Harry blinked and peered hard at the letter. Nothing happened to the words. "Aspectus Lyncis," he muttered, just in case, but no trace of a glamour sprang into existence on the paper.
It seemed that it really was Snape writing this. Harry shook his head in wonder and continued.
I have had a friend recommend Slytherin behavior to me, and I intend to follow it. My trial is slated for December 21st, the day of longest darkness. I suspect that someone is making a point.
You are to bear up and keep your strength ready until that day. It may be that you will be called as a witness, or may volunteer as one.
Keep a watch over Draco. I have noticed of late that his behavior has altered. I will write to him with my concerns, but I am not sure they will make much impression on him.
Remember that I will not be kind if you have sacrificed something irreplaceable in a mad plan to free me.
Severus Snape.
Harry closed his eyes, took a long breath, thought, Let us see what I have sacrificed, then, and opened the letter from James.
It was short. It did not have to be long.
Harry:
I am dropping the charges against Snivellus, at your request.
Your loving father,
James.
Harry couldn't restrain a whoop of triumph, one that pulled even Draco's attention from his own letter, which looked to be from Snape. "What's that?" he asked, and snatched the parchment even before Harry could hold it out. He looked up, eyes wide with surprise, a moment later.

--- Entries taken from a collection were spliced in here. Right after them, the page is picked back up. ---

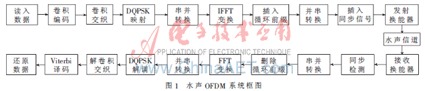 图1为水声OFDM基带通信系统图[3]。由于水声信道存在严重的频率选择性衰落,采用卷积编码实现各个子载波上的纠错。为了抵抗由于时变带来的突发错误,采用交织技术将突发错误打散为随机错误。对卷积交织后的串行数据流进行DQPSK映射、IFFT、插入循环前缀以及并串转换后形成OFDM符号,加入同步前导符号后经水声信道发送出去。在接收端提取同步信息后,经过一系列与发送端相反的逆过程实现OFDM解调,解调后的数据流再经过解交织和Viterbi译码后还原数据信息。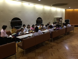 お風呂で汗を流した後、1日目の活動について、各自しおりに記入しました。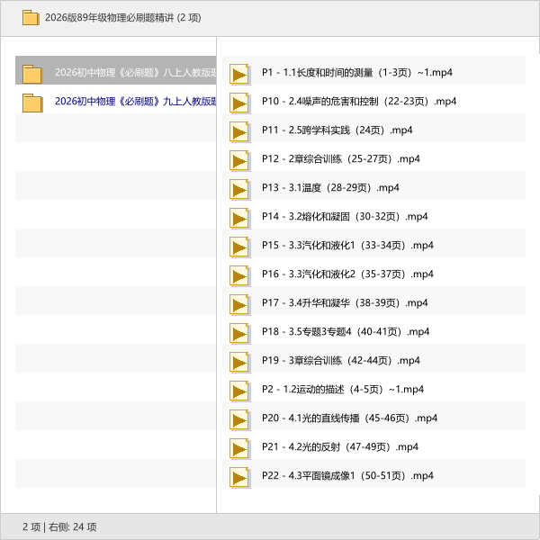 本次分享的资源是《2026版八九年级物理必刷题精讲》,包含八上和九上人教版的全套题目精讲视频。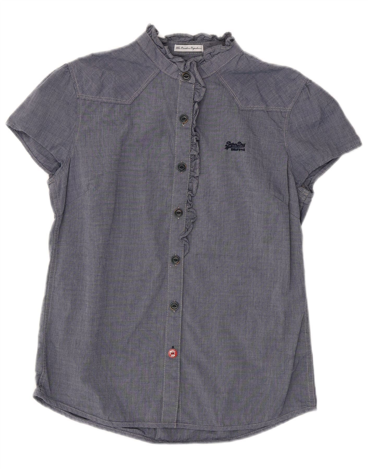 Damska bluzka koszulowa SUPERDRY z falbaną z przodu UK 12, średni granat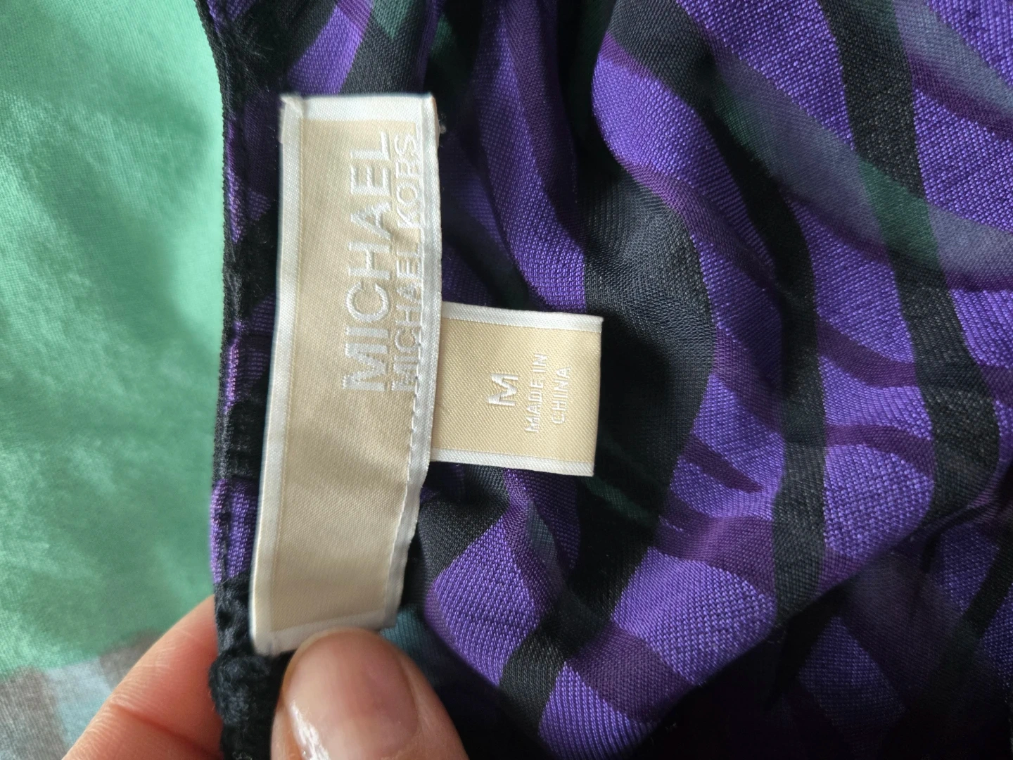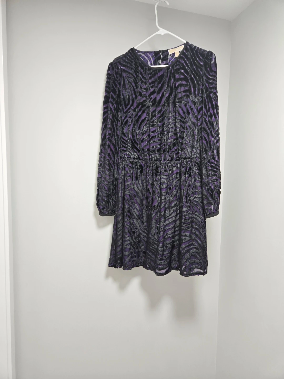 Michael Kors long-sleeved dress in a striking purple and black zebra print. It's a size medium with a comfortable, cinched waist. Shell is 100% polyester, lining is 100% nylon. This dress is perfect for a night out!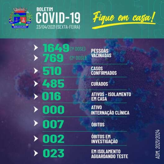 Confira abaixo o boletim epidemiológico, desta sexta-feira (23/04/2021).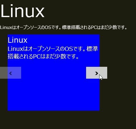 <div data-win-control="WinJS.Binding.Template">見ればわかるように、リストビューと全く同じですね。違いは、data-win-controlに「WinJS.UI.FlipView」を指定しているだけです。テンプレートの使い方も全く同じです。これで、用意したテンプレートを使い、フリップビューが表示されるようになります。起動時には最初のデータが表示され、自動生成される左右に移動するボタンをクリックして次々とデータを移動できます。

"What did you do?" he demanded of Harry.
Harry waved a hand. "Who cares? It won't happen now." He could feel the world opening out before him for the first time in a week. He still didn't have Snape free, that was true, but he had him one step closer to it. Only the charges from the Minister remained now, and Harry would wait a short time still to see if Scrimgeour might be able to do something; he didn't even know if Tonks had spoken to him yet. Then he would put any number of plans he had into motion.
"Let me see that," Millicent insisted, and took James's parchment from Draco. She reacted with her own whoop, and from there the letter had to go to Pansy, and Blaise and Vince demanded to know what was up, and the parchment passed down most of the Slytherin table.
Millicent pounded Harry on the back, hard enough to make him gasp and choke. "I don't know what you did, Potter," she said, eyes shining fiercely, "but it was worth it, whatever it was." She grinned at Pansy. "I think that someone might just happen to know where some butterbeer is, and if so, we're celebrating tonight!"
It was, Harry thought, his heart singing. It was worth it entirely. He caught his brother's anxious eye from across the room and smiled at him. Connor relaxed with a loud sigh that caught Hermione's attention. Unsure how much Connor might have told her, Harry looked away.
Since I've lost so many rounds lately, it feels good to win one.
As if mocking that thought, the black-and-silver web on Draco winked malevolently at him.
Harry narrowed his eyes at it. I'm going to get rid of you, too, see if I don't.